▶ [Exercise goal]
From top to bottom, write out the listing exactly and skip every picture.
*** Opening Data provided ***
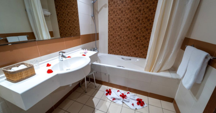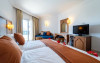 Toate camerele hotelului sunt dotate balcon sau terasa mobilata, aer condiționat, minibar (gol), TV, cadă/ duș, uscător de păr, articole de toaletă.
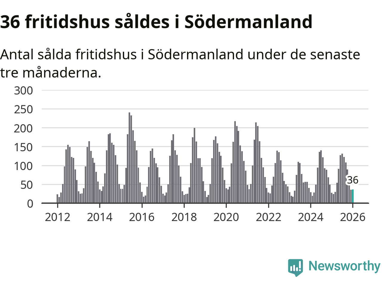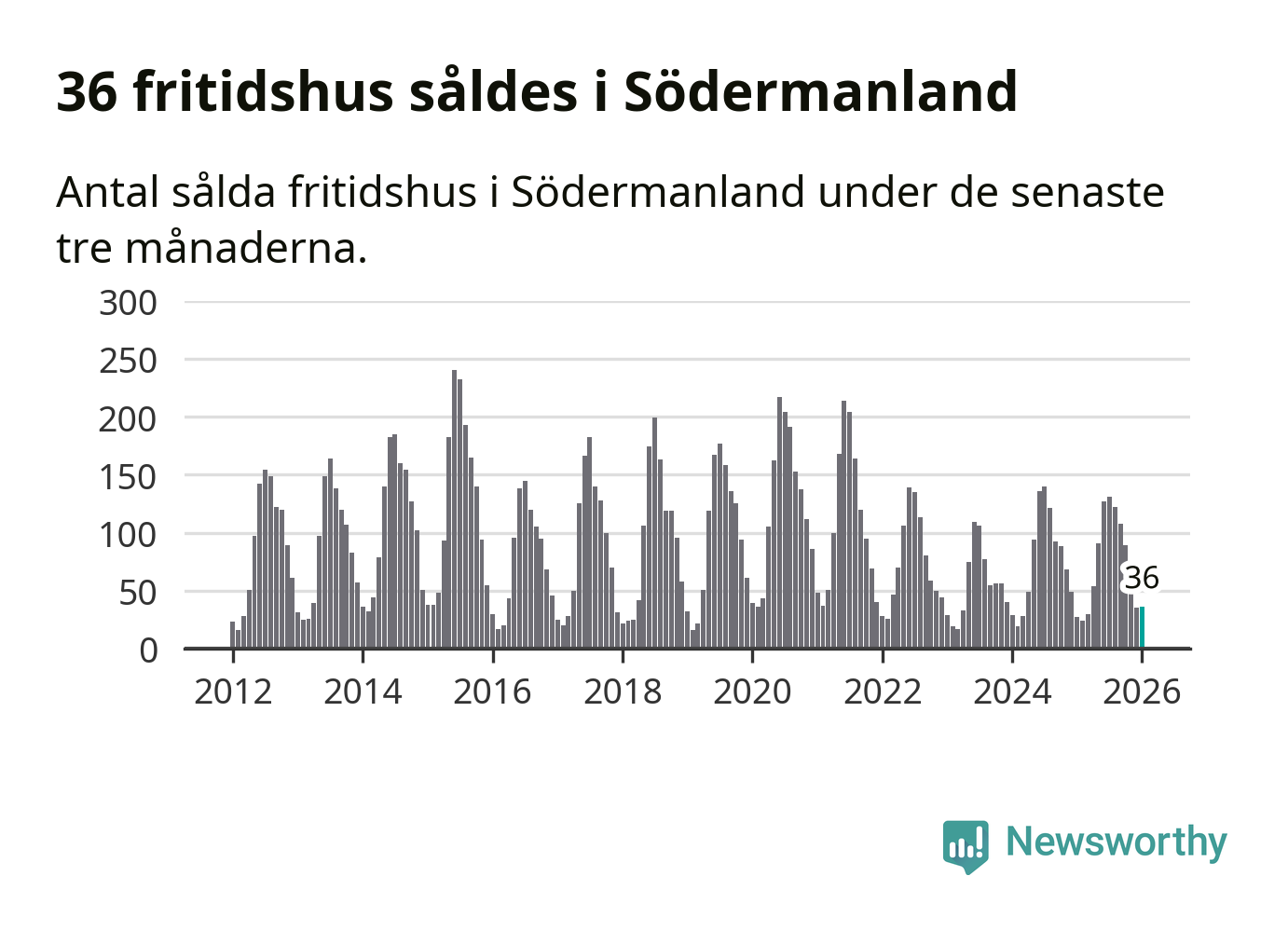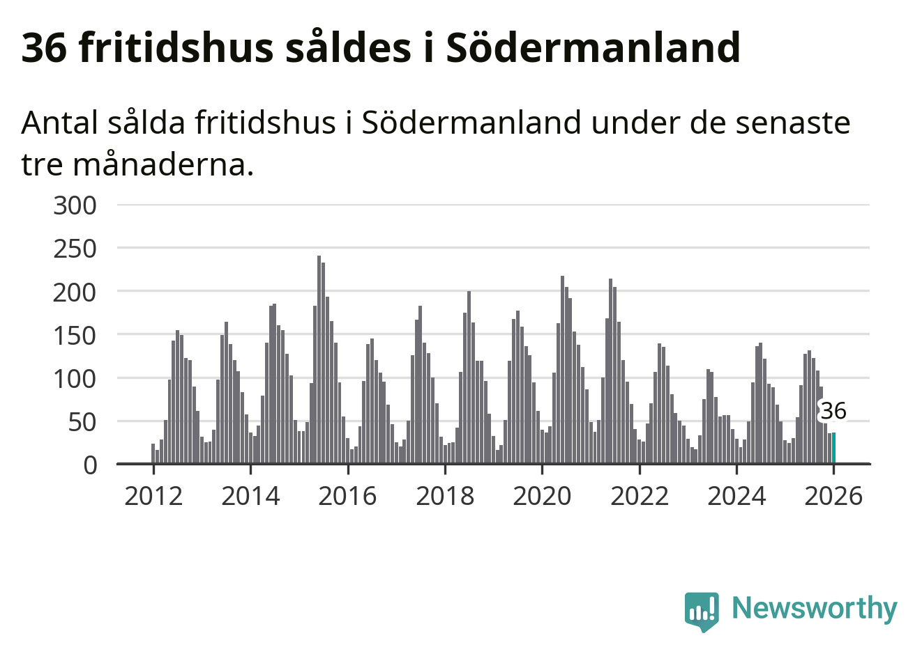 Sammanlagt såldes 36 fritidshus i Södermanlands län mellan november 2025 och januari till ett genomsnittligt pris på 1,9 miljoner kronor. I fjol gjordes 27 affärer vid den här tiden på året.
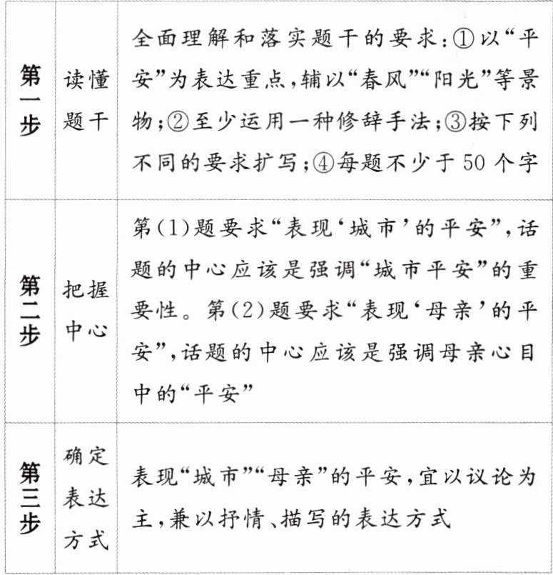 以“平安”为表达重点,辅以“春风”“阳光”等景物,至少运用一种修辞手法,按下列不同的要求扩写,每题不少于 50 个字。
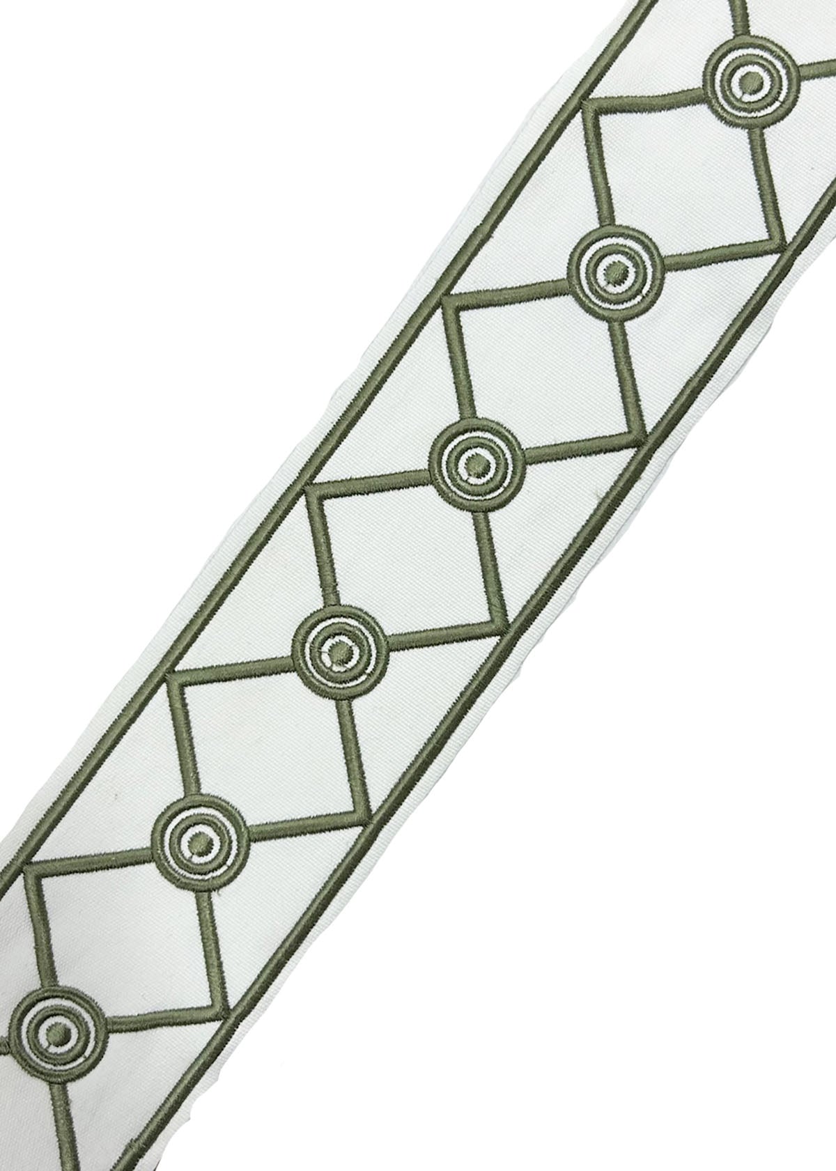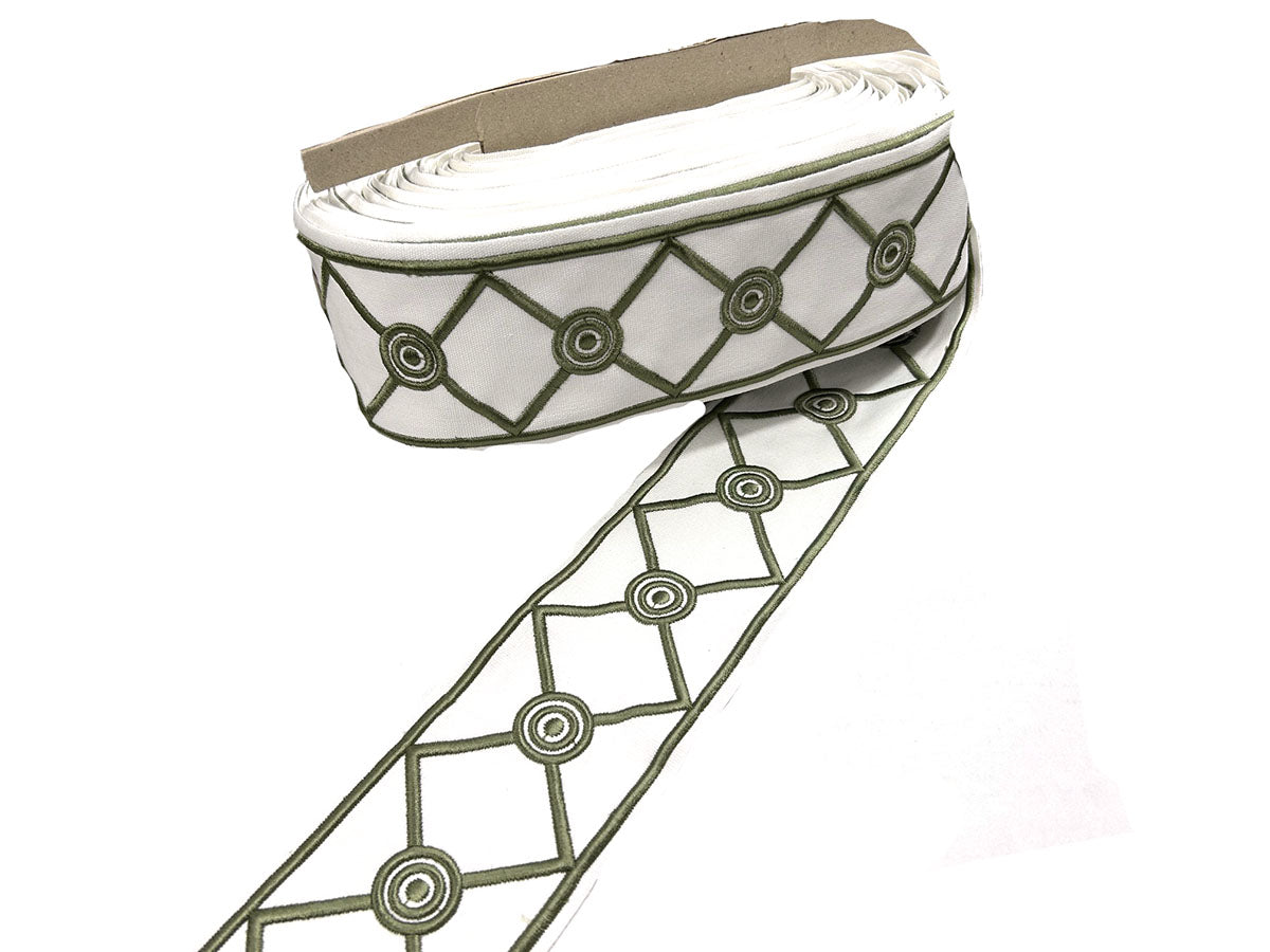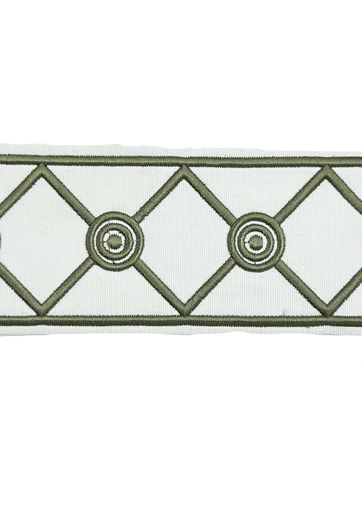 Vale in color Olive is a 4" Embroidered Circles & Diamond Tape 2.75" Repeat
*** Closing Data provided ***
▶ [Reply to the task]
 Toate camerele hotelului sunt dotate balcon sau terasa mobilata, aer condiționat, minibar (gol), TV, cadă/ duș, uscător de păr, articole de toaletă.
 Sammanlagt såldes 36 fritidshus i Södermanlands län mellan november 2025 och januari till ett genomsnittligt pris på 1,9 miljoner kronor. I fjol gjordes 27 affärer vid den här tiden på året.
 以“平安”为表达重点,辅以“春风”“阳光”等景物,至少运用一种修辞手法,按下列不同的要求扩写,每题不少于 50 个字。
 Vale in color Olive is a 4" Embroidered Circles & Diamond Tape 2.75" Repeat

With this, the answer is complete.